One of my favorite museums as a kid was the Museum of Science and Industry here in Chicago. It’s a kid-friendly museum with lots of interactive exhibits that were ostensibly about learning things related to science and industry. But who cares, here are lights and bells and knobs and pulleys!
As a young geek I gravitated towards anything involving a computer so one of my favorite things at the museum was the Birthday Machine. It was a computer kiosk but more… oh so much more. You’d pop in fifty cents or a dollar, and enter your birthday along with your name. A few minutes later a dot matrix printer would magically spit out a full page of information about what happened and what the world was like on the day you were born.
This was and always will be worth the shock value of prices because while inflation wasn’t accounted for, everything was cheaper.

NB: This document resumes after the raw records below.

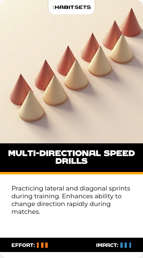 Practicing lateral and diagonal sprints during training. Enhances ability to change direction rapidly during matches.
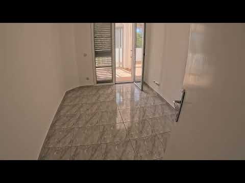 Appartement rez de chaussée, surface totale 73m2. Structure: hall d'entrée, 2 chambres, coin cuisine séparé, salle à manger, salon, salle de bains complète, salle de bains supplémentaire avec douche, terrasse devant l'entrée de l'appartement et une grande terrasse à l'arrière de la maison, donnant sur les oliveraies et vers la mer. L'appartement est spacieux, beaucoup d'espace. Une chambre dispose d'une salle de bains attenante. L'appartement est partiellement meublé et équipé, y compris les climatiseurs. 10 minutes à pied de la mer. L'appartement est légalisé.
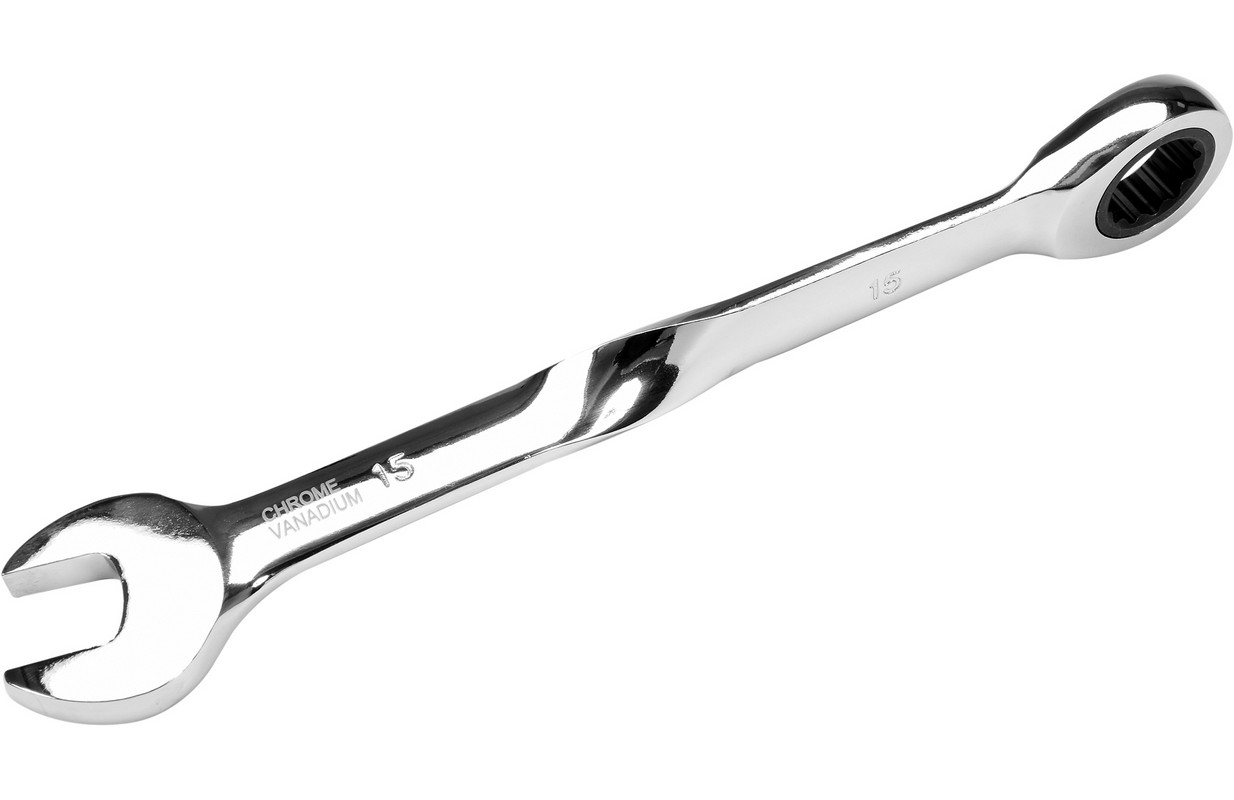 Ключ комбинированный витой с трещоткой 15 мм производства YATO YT-01877. Ключ заканчивается храповым кольцом с одной стороны и плоским наконечником с другой. Эргономичная витая форма облегчает работу и обеспечивает большой комфорт, особенно в случае сильно закрытых винтов. • закрученная на 90° рукоятка идеально ложится в руку, передавая большее давление на ключ при закручивании винтов, с меньшей нагрузкой на пользователя • трещотка позволяет быстрее закручивать и откручивать винты • головка наклонена на 15° • изготовлена из высокопрочного качественная хромованадиевая сталь, полированная поверхность • твердость: 40-45 HRC • 72 зубца.
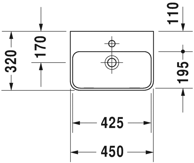 Duravit ME by Starck Раковина для рук с перел., с намеченой облостью под смес., 450x320мм, Цвет: Белый
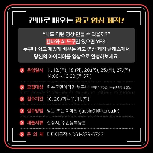 ±³À° ÀÏÁ¤Àº 11¿ù 13ÀÏ(¸ñ)ºÎÅÍ 27ÀÏ(¸ñ)±îÁö ÃÑ 5ȸ¿¡ °ÉÃÄ ¿ÀÈÄ 2½ÃºÎÅÍ 4½Ã±îÁö ÁøÇàµÇ¸ç, ±³À°»ýµéÀº ¹è¿î ³»¿ëÀ» ¹ÙÅÁÀ¸·Î È«º¸³ª SNS ÄÜÅÙÃ÷ Á¦ÀÛ¿¡ ¹Ù·Î Ȱ¿ëÇÒ ¼ö ÀÖ´Â ½Ç¹« ¿ª·®À» ÀÍÈ÷°Ô µÈ´Ù.
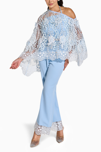 Featuring one-shoulder cape with 3D flowers, pearls and bead work. Paired with bralette top and straight pants with organza scalped detailing at hem.
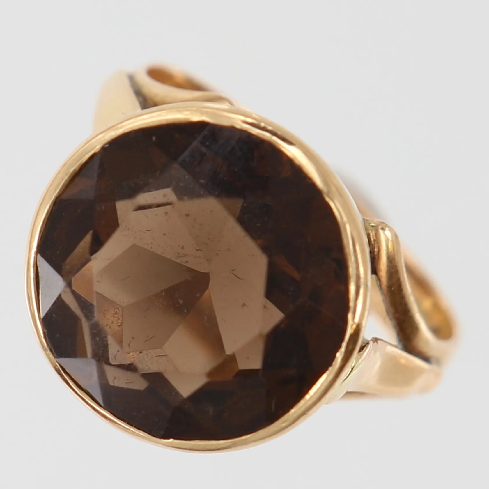 Ring med mörk sten, stl: 17½, bredd 3,2-15mm, 14K. Vikt: 6,5 g.
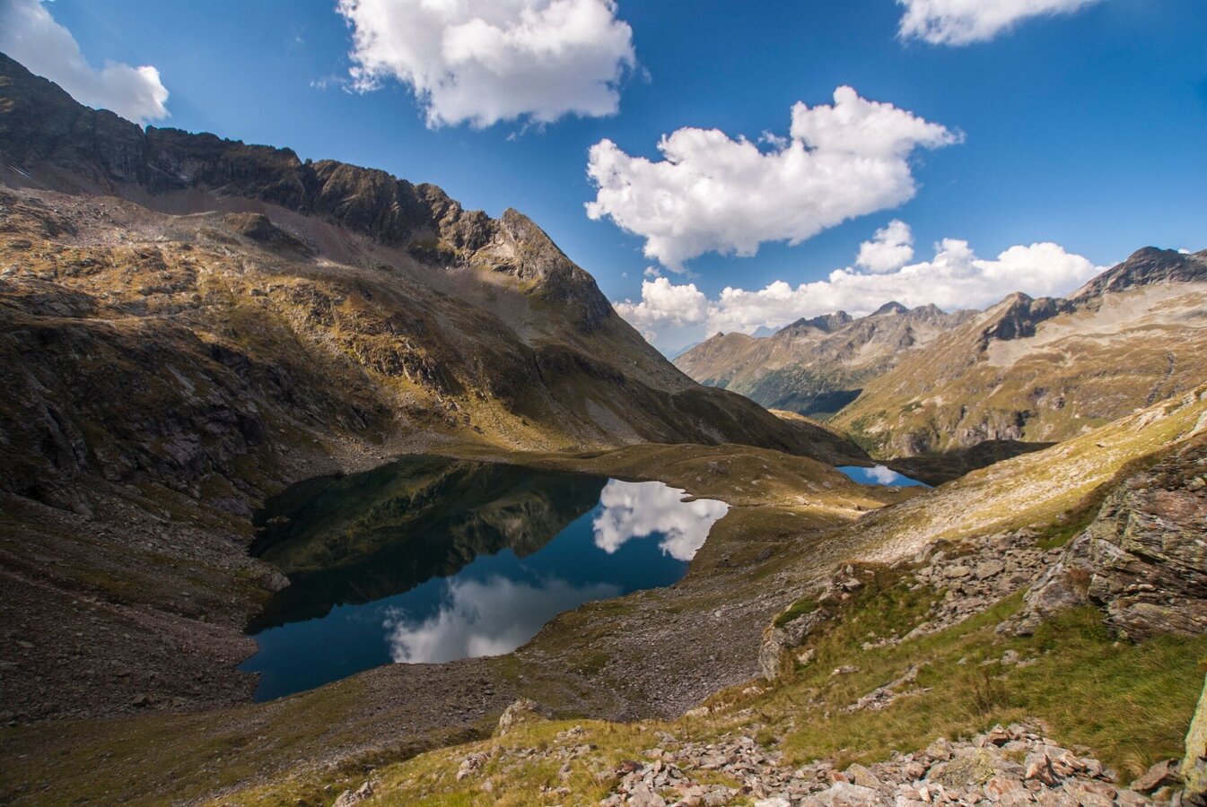 From the Preintalerhütte and Waldhornalm you follow path #784 to the Sonntagskarseen. After just over an hour you will reach the lower of the two lakes, which lie in the middle of an impressive mountain basin. The path continues on the north bank of the lake and a good half an hour later you reach the Oberer Sonntagskarsee. From there, past the east bank, you climb the gravelly path to the striking cut of the Rettingscharte. The view down to the Schwarzensee in the Kleinsölktal is magnificent. Now it goes downhill into the Steinigboden until you finally reach the Schwarzensee at the waterfall near the Schwabalm.

Gas was a quarter a gallon. Milk was a quarter a gallon. A loaf of bread was 2 cents, and the Post Office actually paid you to mail something.
I exaggerate a bit of course, but for me the magic was that this little 5′x2.5′x3′ computer had all of this information in it. Right there! It was impressive. How could it possibly know all of that stuff? It was magical.
I brought this up in part because I saw a bunch of “Remember When” books at a tourist stop recently. These books have the same concept, but are books instead of dot matrix pages and include ads and other things from the time. Impressively one can even buy CDs tailored to a birth year. I know! CDs! How quaint.
On top of all of that, any time I want to find out what happened on October 10, 1977, I can just head over to Wikipedia. Sometimes I think access to all of this information has spoiled us.